— What you should do —
Only a slice of the listing below is wanted. Retype the lines from the one containing "DESCRIPTION: The baldfaced" through the one containing "From EAF thru Copper Mold", exactly, both ends included.

— Available data —
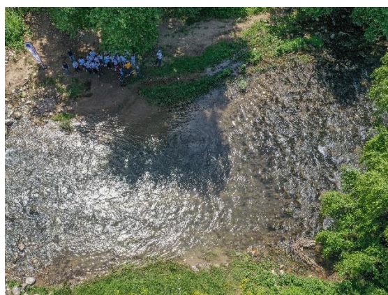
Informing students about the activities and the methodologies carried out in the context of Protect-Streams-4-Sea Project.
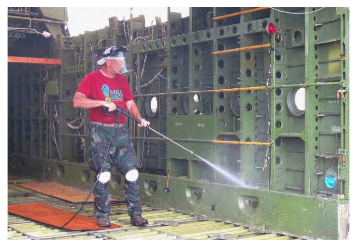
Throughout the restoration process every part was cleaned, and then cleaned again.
...
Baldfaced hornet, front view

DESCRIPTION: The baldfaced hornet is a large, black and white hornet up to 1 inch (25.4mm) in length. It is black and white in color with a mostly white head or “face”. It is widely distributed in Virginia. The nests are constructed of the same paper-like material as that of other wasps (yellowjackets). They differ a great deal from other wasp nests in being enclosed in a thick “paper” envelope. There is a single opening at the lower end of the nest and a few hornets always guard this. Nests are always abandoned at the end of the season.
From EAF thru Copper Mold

— Response to this exercise —
DESCRIPTION: The baldfaced hornet is a large, black and white hornet up to 1 inch (25.4mm) in length. It is black and white in color with a mostly white head or “face”. It is widely distributed in Virginia. The nests are constructed of the same paper-like material as that of other wasps (yellowjackets). They differ a great deal from other wasp nests in being enclosed in a thick “paper” envelope. There is a single opening at the lower end of the nest and a few hornets always guard this. Nests are always abandoned at the end of the season.
From EAF thru Copper Mold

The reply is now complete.